Afterward, I went to the Palazzo Vecchio, the town hall of Florence, to visit the museum and climb the tower. The Palazzo Vecchio is a massive, Romanesque, crenellated fortress-palace and is among the most impressive town halls of Tuscany. It overlooks the Piazza della Signoria with its copy of Michelangelo’s David statue as well as the gallery of statues in the adjacent Loggia dei Lanzi. Originally called the Palazzo della Signoria, after the Signoria of Florence, the ruling body of the Republic of Florence, it was also given several other names over the centuries. The name Palazzo Vecchio means “Old Palace”. The museum inside showcases Renaissance art and architecture, and from the top of the Arnolfo Tower, you get amazing views. I finally climbed the Arnolfo Tower, which is part of the Palazzo Vecchio. The tower offered a fantastic view of the whole city. It was also the first time there were clouds in the sky, and with the sunset, it created a unique atmosphere, as you can see in the photos. I spent at least an hour on the tower, watching the sunset and the crowds far below. Then I went back to the hostel and messaged the Italian guys to figure out what to do that evening. Neither of us knew. In the end, I decided to leave at 9 PM, and the Indian guy and the Argentinian girl from the night before joined me. We went to the Ponte Vecchio. The Ponte Vecchio, or “Old Bridge,” is one of Florence’s most famous landmarks. It’s a medieval stone bridge that spans the Arno River and is unique because it has shops built along it. Historically, these shops were occupied by butchers, but today they mainly house jewelers, art dealers, and souvenir sellers. It’s also the only bridge in Florence that survived destruction during World War II. We had some really nice philosophical discussions, and around 11 PM, the Italian guy, a German guy, and a Taiwanese girl joined us. The Italians, being Italian, brought wine to celebrate New Year’s and even water for those who don’t drink alcohol, which was funny – it was me and the German guy. So, at midnight, we toasted on the bridge next to Ponte Vecchio and watched the fireworks.
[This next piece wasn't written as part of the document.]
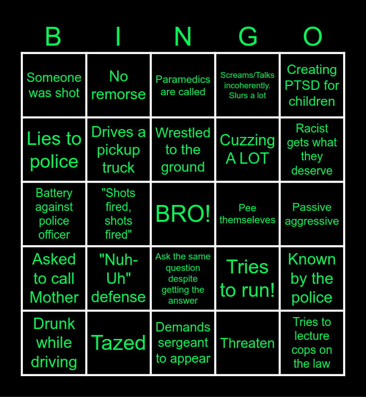This bingo card has a free space and 24 words: "Nuh-Uh" defense, Tazed, Wrestled to the ground, Drunk while driving, Creating PTSD for children, Someone was shot, Lies to police, No remorse, Pee themseleves, Ask the same question despite getting the answer, Cuzzing A LOT, Battery against police officer, Tries to run!, Known by the police, Drives a pickup truck, Threaten, Passive aggressive, Paramedics are called, Racist gets what they deserve, "Shots fired, shots fired", Tries to lecture cops on the law, Asked to call Mother, Screams/Talks incoherently. Slurs a lot and Demands sergeant to appear.
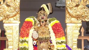 நம்பெருமாள் இன்று (பகல் பத்து) 5 ஆம் நாளில் – திருமாலை பிரபந்தம் செவிமடுக்க சௌரிக் கொண்டை சாற்றி;

After that, we went back to the hostel, which was a challenge because the streets were full of people, and sometimes it was really hard or nearly impossible to walk. But somehow, we made it and joined the hostel party until about 4 AM – a new record for me! Then I went to bed for a short time, and at 6 AM, I was already at the reception to check out, while some people were still partying. My energy level was surprisingly good after only 1.5 hours of sleep, so I headed back to Switzerland. But this time, I didn’t talk to anyone because I’d talked enough the last few days, I think.